"Since the mere possession of writings does not give knowledge, how are we to extract from this almost incomprehensibly large collection of written records the knowledge that we need?"
Enormous strides have been taken to revolutionize the speed and manner in which information on international sales law is disseminated. The University of Freiburg's CISG online website,
Uniquely, a large percentage of the resources that have been established - UNCITRAL, Unilex, Pace, the Members of the Autonomous Network of CISG Websites - have offered their information on the Internet free of charge. This has enabled persons from all geographical backgrounds to utilize the sources, thus taking great strides toward the development of the global jurisconsultorium that is necessary to foster the uniform application of the law.
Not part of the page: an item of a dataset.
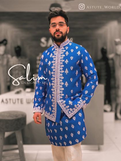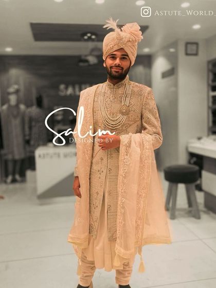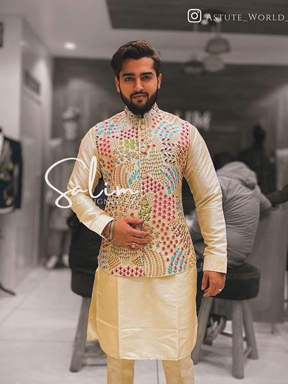 I make custom men's wedding and ethnic outfits in Delhi, with hand embroidery and fittings so your look is unique and fits you perfectly.

The challenge is that in international sales law, more attention has been paid to the amount of information that is disseminated rather than the manner in which it is presented. A predictable retrieval system should be the next step to build solidly upon that which the international community has already created. There is an incorrect presumption that researchers know the legal concepts about which they need information and how to obtain this information. If the West approach had simply been to provide a comprehensive system of reporting without systematically classifying the information obtained, it is possible that [page 236] the ability to properly rely upon precedent would have been strained because of the conflicts arising in jurisdictions based on the inability to obtain necessary legal materials.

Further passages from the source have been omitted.